When two of Greater Cincinnati's biggest companies face shareholders Tuesday, one will be under pressure from union activists while the other will be riding a crest that has taken its stock price to a three-year high.

Cintas Corp., which meets at its Mason headquarters, is the target of a major organizing campaign by UNITE and the Teamsters. But it is a shareholder proposal by the AFL-CIO that could take center stage at the meeting.

Meanwhile, Procter & Gamble Co. shareholders will gather downtown at the Aronoff Center for the Arts, and many undoubtedly will be happy because of the performance of P&G stock. The price topped $95 a share last week for the first time since early 2000.

The meetings traditionally have been at opposite ends of the newsmaking scale. The Cintas meeting has typically been a quiet affair, with few, if any, shareholder proposals. This year, the company's proxy has four, more than anyone can remember.

The AFL-CIO, in a proposal it says is unrelated to the organizing effort, is urging Cintas investors to support creating a directors nominating committee composed only of independent directors.

In July, in anticipation of new stock exchange rules, Cintas created a nominating committee including chairman Richard Farmer, the company's founder and largest shareholder.

The AFL-CIO opposes Farmer's inclusion and asked investors to vote against his re-election to the board.

P&G's meeting, however, usually draws animal-rights protesters, shareholder activists and often national attention. And with the company exceeding its own earnings estimates in most quarters, shareholders should be happy.

But the companies are similar in that they've been two of the region's most reliable performers, both in earnings and stock prices.

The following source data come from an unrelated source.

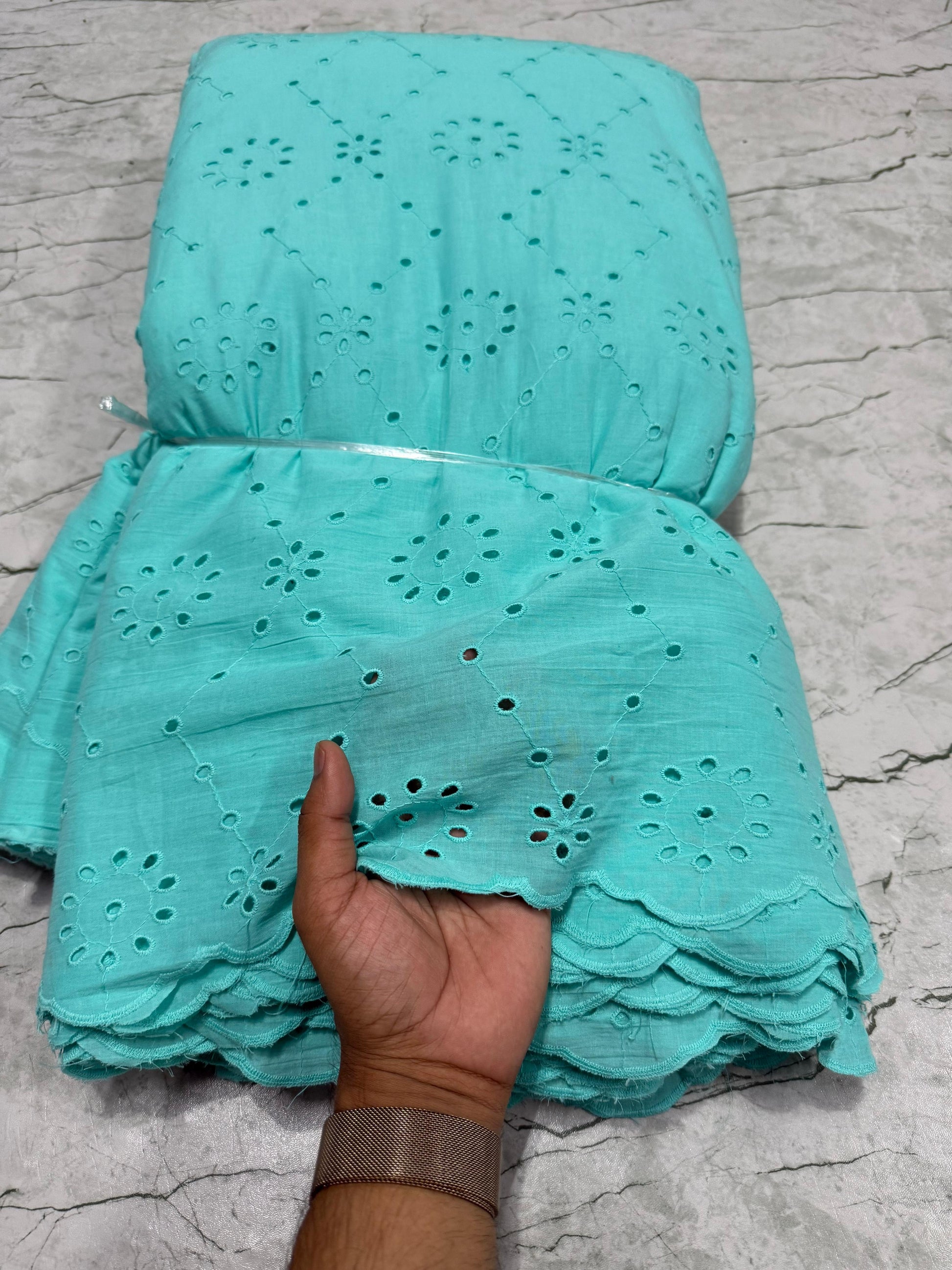 Cotton chikan embroidered fabric exudes elegance and tradition. Made from breathable cotton, it showcases intricate chikan embroidery, celebrated for its delicate patterns and exquisite craftsmanship. Perfect for a variety of apparel, from casual to formal wear, this fabric brings a touch of sophistication and cultural charm to any garment or project.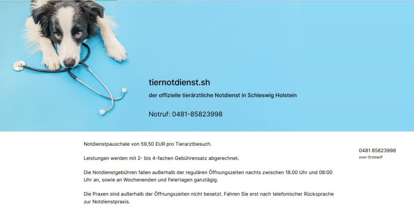 Über die Internetseite Tiernotdienst.sh erfahren Sie weitere Einzelheiten einschließlich der heute dienstbereiten Praxis.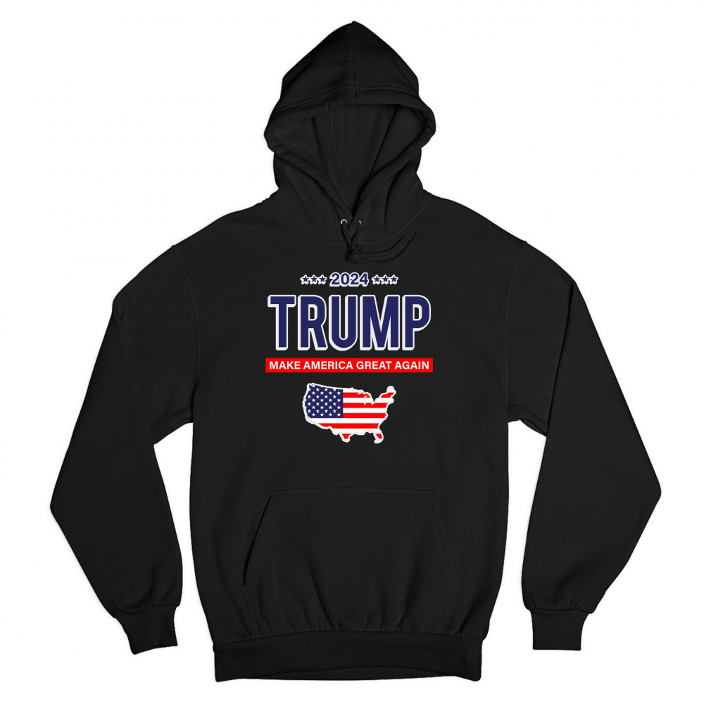 A political print saying "2024 Trump Make America Great Again" and features the silhouette of the USA with the American flag inside of it. A great choice to wear for a Trump rally or give as a gift to a Donald Trump supporter before 2024 presidential elec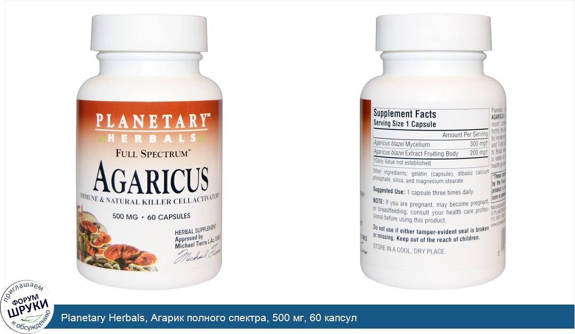 Активатор иммунитета и белых кровяных телец. Травяная добавка. Одобрено доктором Майклом Тьерра, L.Ac, O.M.D. Агарик полного спектра от Planetary Herbals (другое название - "солнечный гриб") содержит полисахариды...

P&G went through turmoil three years ago with a new chief executive officer and $40 billion in lost market value. Cintas, struggling with slower uniform sales because of the sluggish economy, is the target of a national organizing campaign led by the New York-based UNITE. A union spokesman didn't respond to calls last week inquiring about whether it will send representatives to the Cintas meeting.

The other shareholder proposals on Cintas' proxy, all opposed by management:

• Urging the company to expense employee and director stock options.

• Requiring two-thirds of the board be composed of independent directors (now five of nine board members are outsiders).

• Requiring a report evaluating the company's code of conduct for vendors.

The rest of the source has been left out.